* _REQUIREMENT_
Set down, please, exactly the lines below that run from the line with "Use this cute" to the line with "9 ct Gold Ring", both lines included.

### INFORMATION PROVIDED

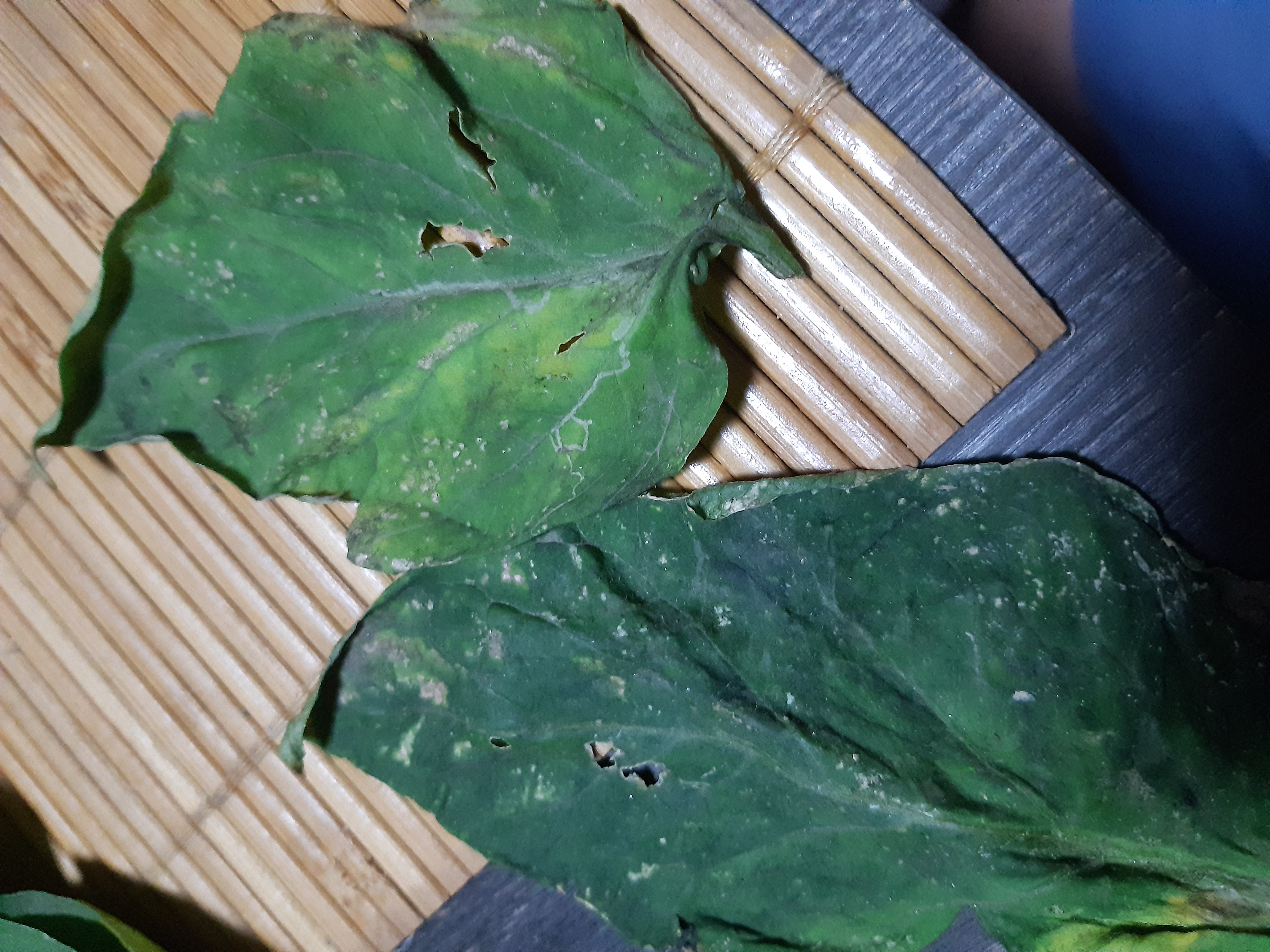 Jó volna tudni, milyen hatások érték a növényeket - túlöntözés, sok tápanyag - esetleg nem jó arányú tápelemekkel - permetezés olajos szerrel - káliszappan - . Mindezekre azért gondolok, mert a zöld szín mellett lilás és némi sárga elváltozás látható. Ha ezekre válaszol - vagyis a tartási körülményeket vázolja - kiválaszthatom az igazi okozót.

######
### INFORMATION PROVIDED

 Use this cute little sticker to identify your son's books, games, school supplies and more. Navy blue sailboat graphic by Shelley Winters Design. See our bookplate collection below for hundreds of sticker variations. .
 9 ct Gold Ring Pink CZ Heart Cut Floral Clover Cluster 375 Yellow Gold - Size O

######

* _OUTPUT OF THE EXERCISE_
 Use this cute little sticker to identify your son's books, games, school supplies and more. Navy blue sailboat graphic by Shelley Winters Design. See our bookplate collection below for hundreds of sticker variations. .
 9 ct Gold Ring Pink CZ Heart Cut Floral Clover Cluster 375 Yellow Gold - Size O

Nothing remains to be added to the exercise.